Crimea et Caucasus, les yachts de Brejnev

Leonid Brejnev, secrétaire général du Parti Communiste de l’Union Soviétique entre 1960 et 1982, et les heureux membres de la nomenklatura, affectionnaient particulièrement la Crimée et son climat méditerranéen.

A la différence de ses prédécesseurs, qui se contentaient de datchas, Brejnev avait le pied marin. C’est ainsi qu’il fit construire deux yachts jumeaux, destinés à son usage exclusif, le Crimea et le Caucasus.

Un apparatchik bien loin du peuple

Brejnev à bord, notez la montre Rolex en or

Nommé à 53 ans président du Praesidium de l’URSS, fonction impliquant de fréquents déplacements à l’étranger, Leonid Brejnev ne dédaignait pas un style de vie luxueux. Villas, avions, montres en or, datchas en Crimée, chasse à l’ours, pêche au gros. Prenant souvent personnellement le volant de sa Dodge Charger 1970, il ne manquait au leader soviétique qu’un yacht…

Brejnev à la chasse

Un, non deux yachts !

Lancés en 1975 au chantier Severnaya Verf (Northern Shipyard), alors spécialisé dans la production de navires de guerre rapides comme les destroyers, Crimea et Caucasus désignaient d’imposants navires jumeaux relevant administrativement des garde-côtes.
Pourquoi deux navires jumeaux ? On l’ignore, peut-être pour s’assurer de la disponibilité permanente d’un navire en cas d’avarie ?
N’imaginez pas qu’il s’agissait de navires de patrouille, non, mais les garde-côtes dépendaient de la sécurité intérieure, elle-même chapeautée par le KGB, en charge de la sécurité des dignitaires de l’URSS.

D’une longueur de 45 m pour une largeur de 9 m, dotés de 3 ponts et pesant près de 300 tonnes à vide, ces bateaux atteignaient une vitesse maximale de 31 nœuds à pleine vitesse.

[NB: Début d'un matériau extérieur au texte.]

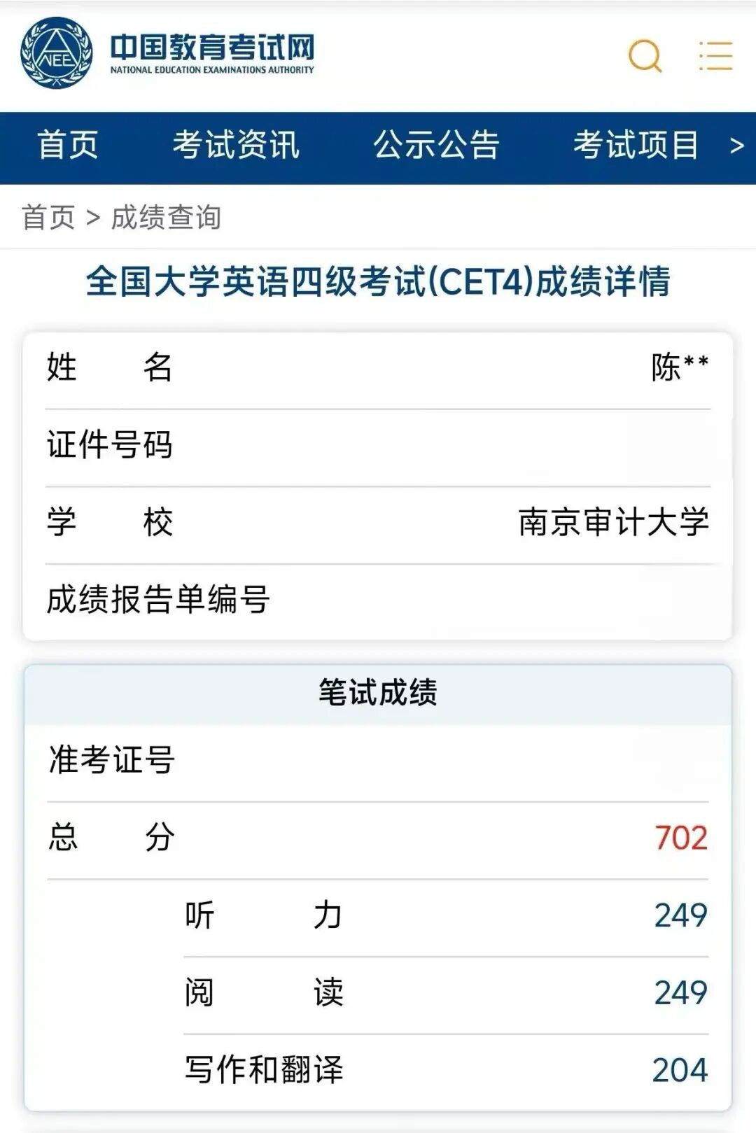 周三的竞秀北楼阶梯教室,选课系统的加载图标反复转圈,磨着所有人的耐心。百无聊赖间,我突然想起当天是四级查分日,随手点开四六级官网,输入身份证号时甚至漫不经心,可屏幕上跳出的红色数字“702”,让我瞬间愣住。
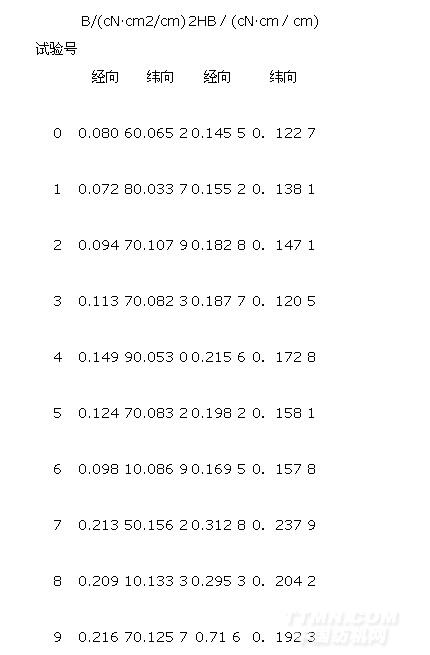 B表示織物的身骨(剛?cè)嵝裕?,B值越小,織物越柔軟;2HB表示織物的活絡(luò)觶跳性),2HB值越小,織物彎曲變形后的回復(fù)能力越好。
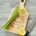 Show Mom how much you appreciate and love her with this personalized solid wood cutting board. The beautiful mom inspired designs make this board the perfect accent piece for any kitchen. The natural antibacterial properties of wood make it an amazing gift for your mother.

La Crimée, le modèle soviétique de la dolce vita

Péninsule aujourd’hui annexée par la Russie, la Crimée est baignée de tous temps d’un agréable climat bien différent des rigoureux hivers moscovites.

Située à la même latitude que l’Italie, c’est depuis toujours, une zone balnéaire de villégiature. Réservée à la noblesse du temps du Tsar, ses stations balnéaires et ses plages le sont, sous l’union soviétique, à une classe sociale privilégiée du régime : la nomenklatura.

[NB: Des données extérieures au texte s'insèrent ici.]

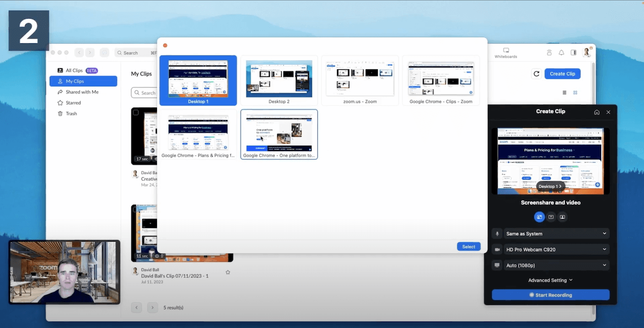 Bạn có thể chọn ghi lại chính mình, màn hình của bạn hoặc cả hai. Bạn cũng có thể kiểm soát các cài đặt nâng cao như Nền ảo và khử tiếng ồn. Sau khi thiết lập tùy chọn của bạn, hãy tiếp tục và bắt đầu ghi.

Ces fonctionnaires, tous membres du parti communiste, y coulent des journées de repos heureuses, bien loin de la vie laborieuse et difficile de la population et à des années lumières de celle des millions de déportés au goulag.
C’est tout naturellement ici que les pontes du régime soviétique effectuaient le plein d’énergie, profitant de la mer noire et du soleil. C’est aussi ici, à Yalta, que Staline reçut Roosevelt et Churchill en 1944 pour y dessiner les contours de la nouvelle Europe, une fois l’Allemagne nazie définitivement vaincue.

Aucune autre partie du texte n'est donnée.